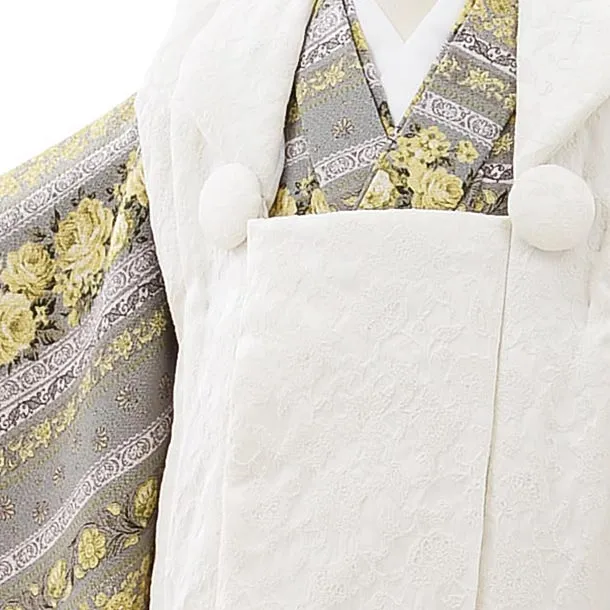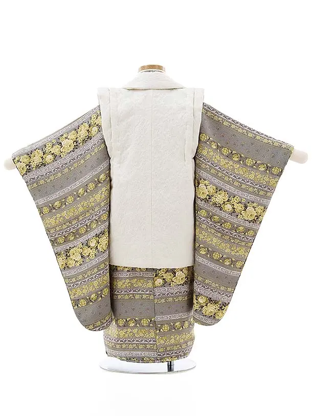 七五三レンタル(3歳女児被布)4055オフホワイトxグレー地イエローバラ
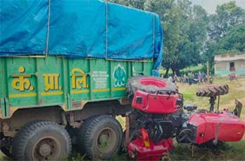 ट्रक की चपेट में आने से उड़े ट्रैक्टर के परखच्चे, गंभीर रूप से घायल हुआ ड्राइवर, इलाज के लिए परिवार ने बनाया बंधक
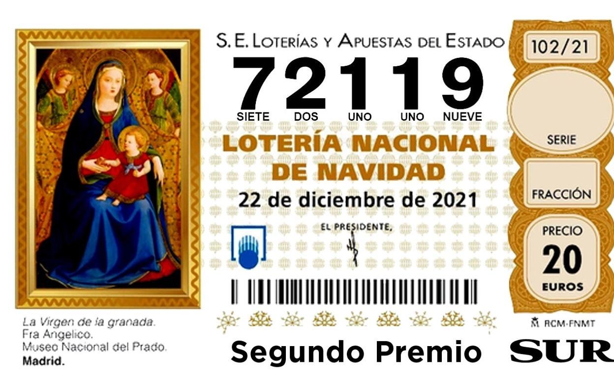 El 72.119, agraciado con el segundo premio del Sorteo de Navidad 2021, dotado de 1.250.000 euros la serie
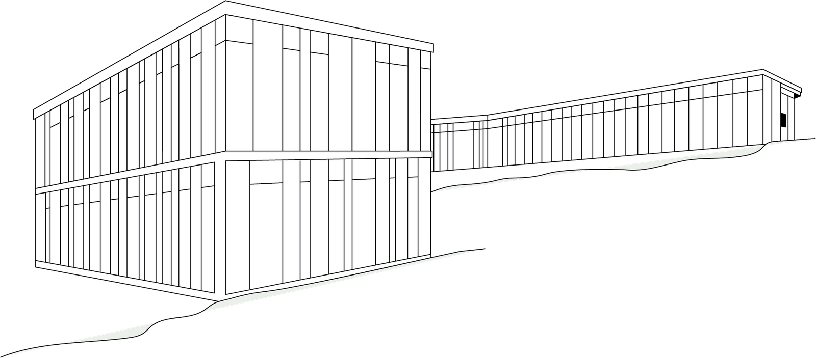 The buildings take advantage of the natural slope of the terrain towards a ravine to blend in with the environment and go unnoticed, relying on the use of a green roof. The location of existing trees is respected by placing both buildings in such a way that they form a courtyard resembling a cloister around which all circulation is established on the ground floor.
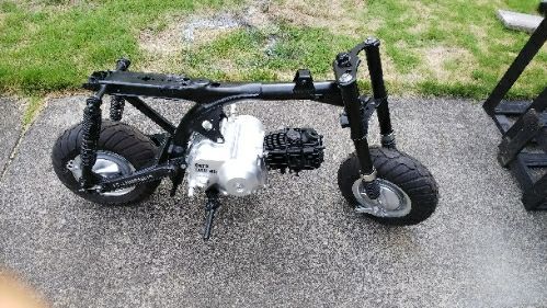 やっとここまできました‼️🤗 塗装したフレームに塗装したエンジン乗せてみましたよ‼️ それからリアにはミニモト製の6インチホイールを履かせて…😎 なかなか良い感じやん😎 モンキー6インチアルミホイールセット NO4566
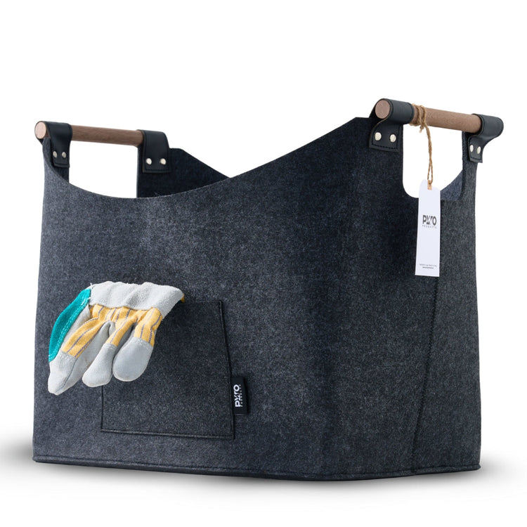 View allA living room quickly becomes cluttered with scattered blankets, toys, or loose items. The PyroProducts® Storage Basket immediately restores order and style. Made from sturdy and shape-retaining felt with a generous capacity of 60 liters, this luxury basket offers space for blankets, toys, magazines, laundry, and if desired, firewood. The wooden handles ensure comfortable and secure carrying, even with 20 to 30 kilograms of contents. The anthracite color and sleek design fit into any modern interior.
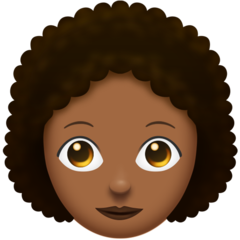 | Emoji | 👩🏾🦱 |
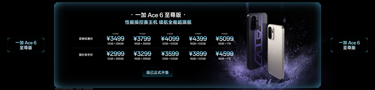 一加 Ace 6 至尊版现已全渠道正式开售,用户前往 OPPO 商城、京东、天猫、拼多多、抖音等平台,可享受以旧换新购机补贴等丰富福利。新品具体售价如下:
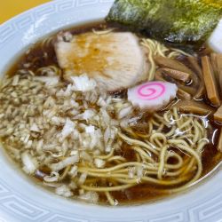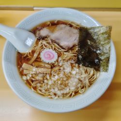 乾物系もダシに使われているのでしょうか。あっさりめのスープですが、ダシの旨みもあり、旨いです。表面の脂や刻みタマネギでコクも加わっている感じがします。
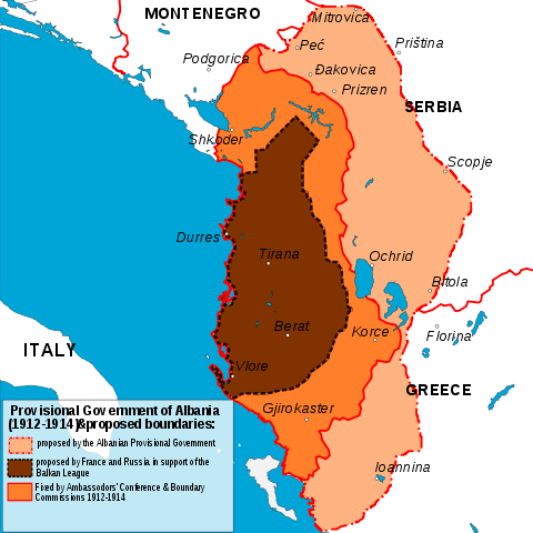 English: Proposed boundaries of the Principality of Albania: 1. By Russia, France in support of the Balkan League, 2. Fixed by Ambassadors Conference and Boundary Commission 1912-1914, 3. By the Prvisional Government of Albania.
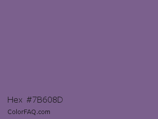 Hex #7b608d Color is a normal purple color and the nearest color is Rum #796989. Hex code #7b608d and RGB value is rgb(123,96,141). In RGB color space, this color is composed of 48% red, 38% green, 55% blue, In CMYK color space, this color is composed of 13% cyan, 32% magenta, 0% yellow , 45% black , In HSL color space, this color has a hue angle of 276° , 19% saturation and 46% lightness.
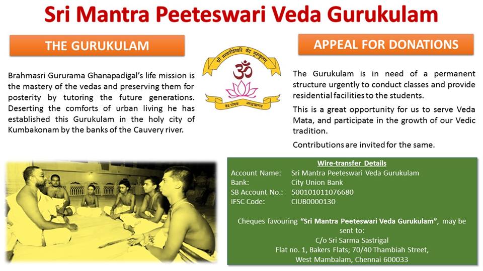 வேத மாதா அனுக்ரஹத்தினால் கும்பகோணம் ஸ்ரீ மந்த்ர பீடேஸ்வரி வேத பாடசாலையின் நூதன விஸ்தாரமான கட்டிட நிர்மாண பணிகள் துவங்கியுள்ளது. ஆஸ்திக மஹாஐனங்களின் ஆதரவோடு லக்ஷியம் நிறைவேறும் என்பதில் சந்தேகமில்லை
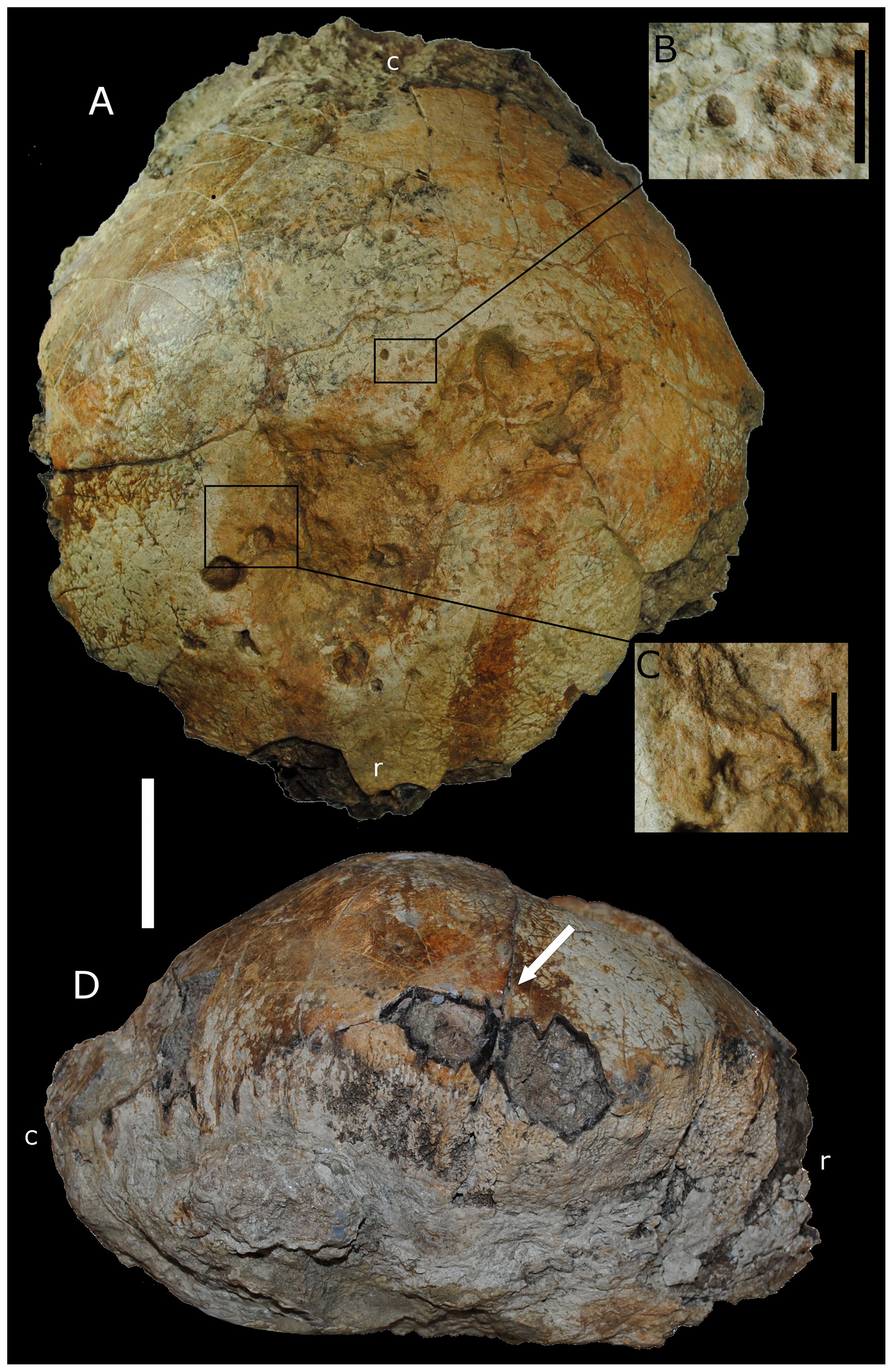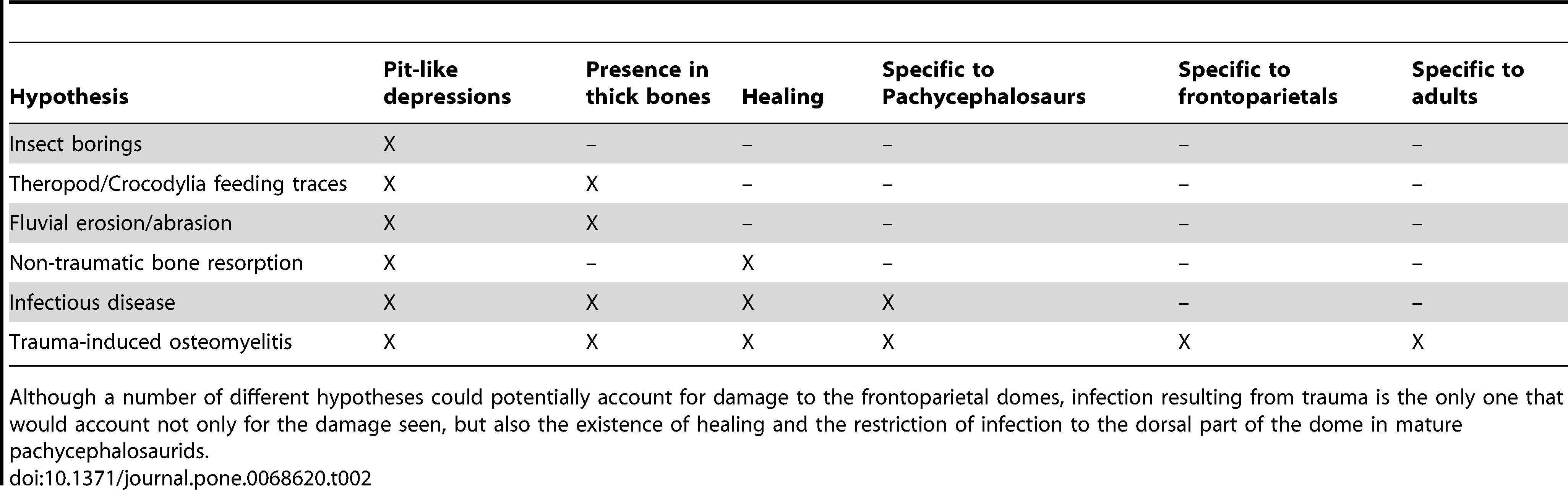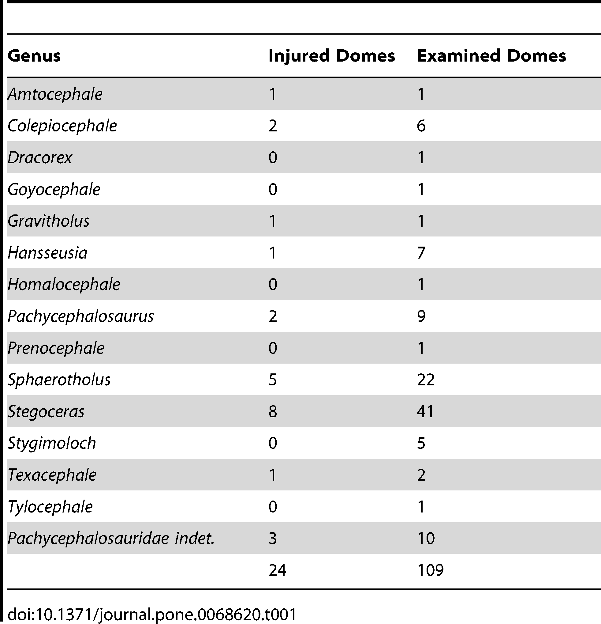 Primeiro estudo sistemático de patologia craniana em um espécime identificado como Pachycephalosaurus wyomingensis (espécime BMR P2001.4.1 do Museu de Paleontologia Burpee). Peterson e Vittore descrevem duas grandes depressões ovaladas na superfície dorsal da cúpula, acompanhadas de inúmeras cavidades circulares. Tomografia computadorizada revela que as lesões penetram profundamente o osso. A análise comparativa com aves modernas com traumatismo craniano por infecção indica que as estruturas são lesões patológicas resultantes de ferimento traumático seguido de osteomielite secundária. O estudo fornece evidência física direta de que a cúpula de Pachycephalosaurus sofria danos compatíveis com combate agonístico, estabelecendo o alicerce para o trabalho mais amplo de Peterson et al. (2013).
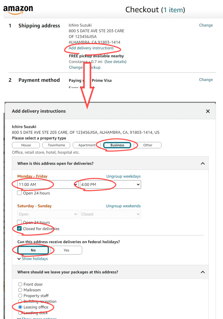 Amazonでご注文の際はこちらのご記入例を参考に、配達オプション指定のご協力をして頂けると受け取りがスムーズになります
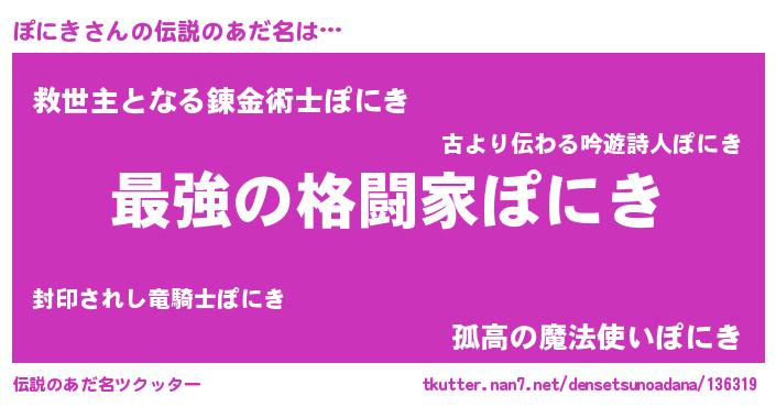 | 胡散臭い通販商品みたいなあだ名 | 『あなたにだけ特別に提供する100年もののヴィンテージワイン…その名も「ぽにき」』 |
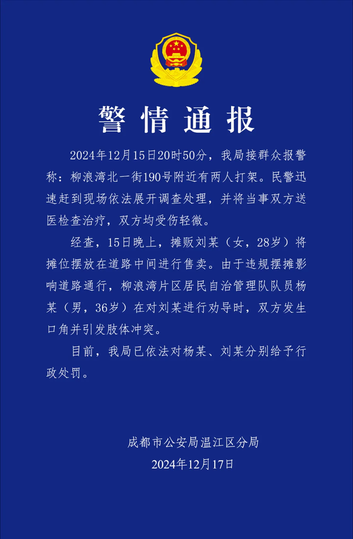 成都温江警方12月17日通报,12月15日20时50分,警方接群众报警称,柳浪湾北一街190号附近有两人打架。民警迅速赶到现场依法展开调查处理,并将当事双方送医检查治疗,双方均受伤轻微。经查,15日晚上,摊贩刘某(女,28岁)将摊位摆放在道路中间进行售卖。由于违规摆摊影响道路通行,柳浪湾片区居民自治管理队队员杨某(男,36岁)在对刘某进行劝导时,双方发生口角并引发肢体冲突。目前,已依法对杨某、刘某分别给予行政处罚。
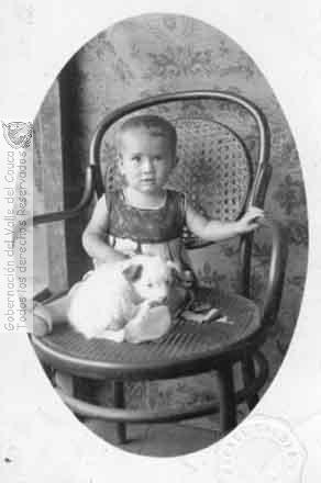 s. n. & s. n. (1943). La niña Libia Uribe con su mascota & 602947. CANDELARIA: Biblioteca Departamental Jorge Garces Borrero.
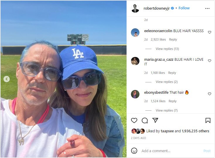 यूं तो ये पोस्ट रॉबर्ट ने अपने बेटे की जीत की खुशी में डाला था, लेकिन फैन्स को जिस बात ने अट्रैक्ट किया वो थे एक्टर के बाल. एक्टर के बालों का नीला रंग देख फैन्स चकरा गए, लेकिन अपने आयरन मैन से प्यार इतना है कि तारीफ करना नहीं भूले. एक यूजर ने कमेंट कर लिखा- 'नीले बाल! ठीक है, फिर भी तुमसे प्यार है. वहीं एक दूसरे यूजर ने लिखा- 'आप हर तरह से अच्छे लगते हो'
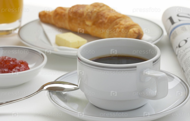 Кофе с круассаном на столе
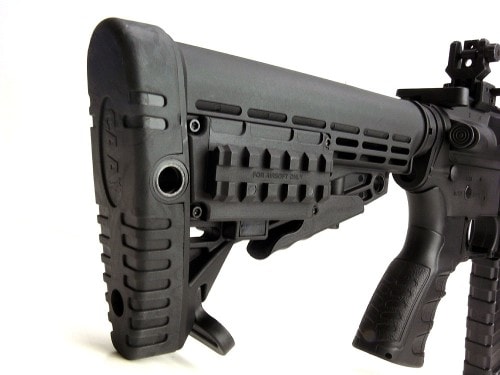 CBSストック。こちらのサイドレイルに別売りのACP(アジャスタブルチークピース)などの20mmアクセサリを取り付けられます。レイルは左右付け替えが可能。
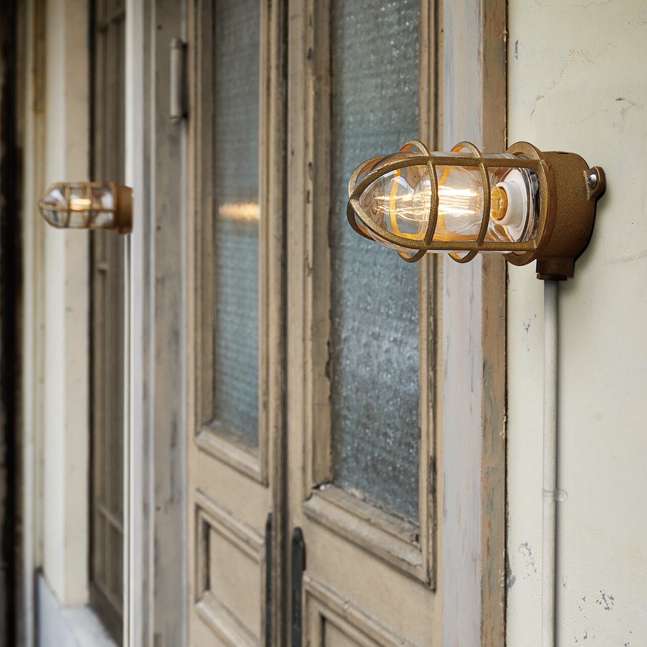 船舶用照明として実際に用いられている耐久性・防水性の高い本物のパーツを使ってデザイン〜製品化した「Beach house」シリーズ。ズッシリとした真鍮製のガードや、BODY本体の重厚感・堅牢さが醸し出すレトロ感とマリン仕様独特の雰囲気はインテリアとしての存在感も抜群、真鍮ならではのエイジングも楽しみのひとつです。お部屋のインテリア照明やカフェやショップ、ホテルなどの施設照明としてはもちろん、防雨仕様ですので街灯や門灯・外壁等のエクステリア照明としても大変おすすめ。シリーズを通じてブラス色、シルバー色の2カラーからお選びいただけます。
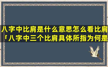 八 🌷 字中 🐎 三 🐘 个比肩具体所指:
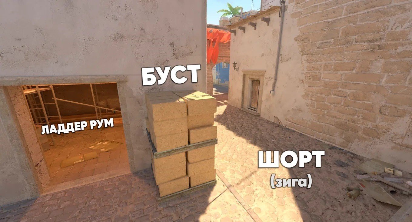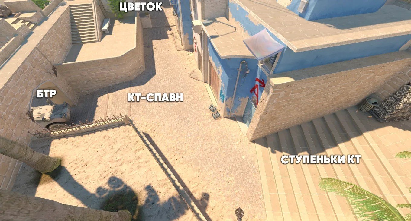 У Mirage три основных направления атаки: плент А, плент B и мид. При этом мид имеет особое значение — именно через него проходят пути к обеим точкам установки бомбы, а также он дает возможность держать под контролем большую часть карты.
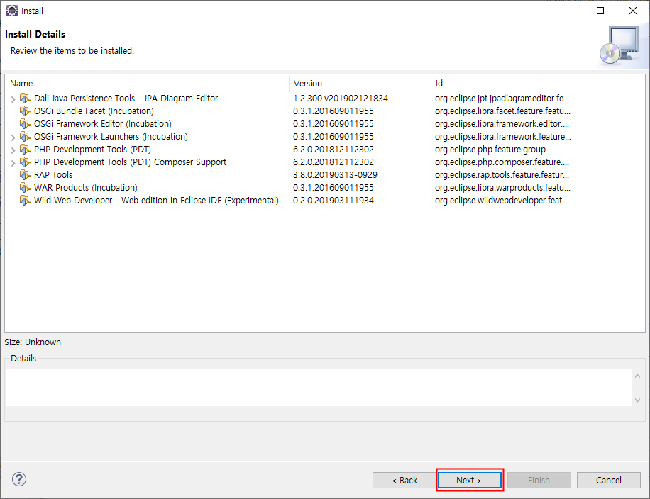 설치할 내역을 확인하고 Next를 클릭합니다.

:: REQUIRED ACTION ::
An exact reproduction of the data above is required, with every picture removed.

:: RESPONSE ::
 七五三レンタル(3歳女児被布)4055オフホワイトxグレー地イエローバラ
 ट्रक की चपेट में आने से उड़े ट्रैक्टर के परखच्चे, गंभीर रूप से घायल हुआ ड्राइवर, इलाज के लिए परिवार ने बनाया बंधक
 El 72.119, agraciado con el segundo premio del Sorteo de Navidad 2021, dotado de 1.250.000 euros la serie
 The buildings take advantage of the natural slope of the terrain towards a ravine to blend in with the environment and go unnoticed, relying on the use of a green roof. The location of existing trees is respected by placing both buildings in such a way that they form a courtyard resembling a cloister around which all circulation is established on the ground floor.
 やっとここまできました‼️🤗 塗装したフレームに塗装したエンジン乗せてみましたよ‼️ それからリアにはミニモト製の6インチホイールを履かせて…😎 なかなか良い感じやん😎 モンキー6インチアルミホイールセット NO4566
 View allA living room quickly becomes cluttered with scattered blankets, toys, or loose items. The PyroProducts® Storage Basket immediately restores order and style. Made from sturdy and shape-retaining felt with a generous capacity of 60 liters, this luxury basket offers space for blankets, toys, magazines, laundry, and if desired, firewood. The wooden handles ensure comfortable and secure carrying, even with 20 to 30 kilograms of contents. The anthracite color and sleek design fit into any modern interior.
 | Emoji | 👩🏾🦱 |
 一加 Ace 6 至尊版现已全渠道正式开售,用户前往 OPPO 商城、京东、天猫、拼多多、抖音等平台,可享受以旧换新购机补贴等丰富福利。新品具体售价如下:
 乾物系もダシに使われているのでしょうか。あっさりめのスープですが、ダシの旨みもあり、旨いです。表面の脂や刻みタマネギでコクも加わっている感じがします。
 English: Proposed boundaries of the Principality of Albania: 1. By Russia, France in support of the Balkan League, 2. Fixed by Ambassadors Conference and Boundary Commission 1912-1914, 3. By the Prvisional Government of Albania.
 Hex #7b608d Color is a normal purple color and the nearest color is Rum #796989. Hex code #7b608d and RGB value is rgb(123,96,141). In RGB color space, this color is composed of 48% red, 38% green, 55% blue, In CMYK color space, this color is composed of 13% cyan, 32% magenta, 0% yellow , 45% black , In HSL color space, this color has a hue angle of 276° , 19% saturation and 46% lightness.
 வேத மாதா அனுக்ரஹத்தினால் கும்பகோணம் ஸ்ரீ மந்த்ர பீடேஸ்வரி வேத பாடசாலையின் நூதன விஸ்தாரமான கட்டிட நிர்மாண பணிகள் துவங்கியுள்ளது. ஆஸ்திக மஹாஐனங்களின் ஆதரவோடு லக்ஷியம் நிறைவேறும் என்பதில் சந்தேகமில்லை
 Primeiro estudo sistemático de patologia craniana em um espécime identificado como Pachycephalosaurus wyomingensis (espécime BMR P2001.4.1 do Museu de Paleontologia Burpee). Peterson e Vittore descrevem duas grandes depressões ovaladas na superfície dorsal da cúpula, acompanhadas de inúmeras cavidades circulares. Tomografia computadorizada revela que as lesões penetram profundamente o osso. A análise comparativa com aves modernas com traumatismo craniano por infecção indica que as estruturas são lesões patológicas resultantes de ferimento traumático seguido de osteomielite secundária. O estudo fornece evidência física direta de que a cúpula de Pachycephalosaurus sofria danos compatíveis com combate agonístico, estabelecendo o alicerce para o trabalho mais amplo de Peterson et al. (2013).
 Amazonでご注文の際はこちらのご記入例を参考に、配達オプション指定のご協力をして頂けると受け取りがスムーズになります
 | 胡散臭い通販商品みたいなあだ名 | 『あなたにだけ特別に提供する100年もののヴィンテージワイン…その名も「ぽにき」』 |
 成都温江警方12月17日通报,12月15日20时50分,警方接群众报警称,柳浪湾北一街190号附近有两人打架。民警迅速赶到现场依法展开调查处理,并将当事双方送医检查治疗,双方均受伤轻微。经查,15日晚上,摊贩刘某(女,28岁)将摊位摆放在道路中间进行售卖。由于违规摆摊影响道路通行,柳浪湾片区居民自治管理队队员杨某(男,36岁)在对刘某进行劝导时,双方发生口角并引发肢体冲突。目前,已依法对杨某、刘某分别给予行政处罚。
 s. n. & s. n. (1943). La niña Libia Uribe con su mascota & 602947. CANDELARIA: Biblioteca Departamental Jorge Garces Borrero.
 यूं तो ये पोस्ट रॉबर्ट ने अपने बेटे की जीत की खुशी में डाला था, लेकिन फैन्स को जिस बात ने अट्रैक्ट किया वो थे एक्टर के बाल. एक्टर के बालों का नीला रंग देख फैन्स चकरा गए, लेकिन अपने आयरन मैन से प्यार इतना है कि तारीफ करना नहीं भूले. एक यूजर ने कमेंट कर लिखा- 'नीले बाल! ठीक है, फिर भी तुमसे प्यार है. वहीं एक दूसरे यूजर ने लिखा- 'आप हर तरह से अच्छे लगते हो'
 Кофе с круассаном на столе
 CBSストック。こちらのサイドレイルに別売りのACP(アジャスタブルチークピース)などの20mmアクセサリを取り付けられます。レイルは左右付け替えが可能。
 船舶用照明として実際に用いられている耐久性・防水性の高い本物のパーツを使ってデザイン〜製品化した「Beach house」シリーズ。ズッシリとした真鍮製のガードや、BODY本体の重厚感・堅牢さが醸し出すレトロ感とマリン仕様独特の雰囲気はインテリアとしての存在感も抜群、真鍮ならではのエイジングも楽しみのひとつです。お部屋のインテリア照明やカフェやショップ、ホテルなどの施設照明としてはもちろん、防雨仕様ですので街灯や門灯・外壁等のエクステリア照明としても大変おすすめ。シリーズを通じてブラス色、シルバー色の2カラーからお選びいただけます。
 八 🌷 字中 🐎 三 🐘 个比肩具体所指:
 У Mirage три основных направления атаки: плент А, плент B и мид. При этом мид имеет особое значение — именно через него проходят пути к обеим точкам установки бомбы, а также он дает возможность держать под контролем большую часть карты.
 설치할 내역을 확인하고 Next를 클릭합니다.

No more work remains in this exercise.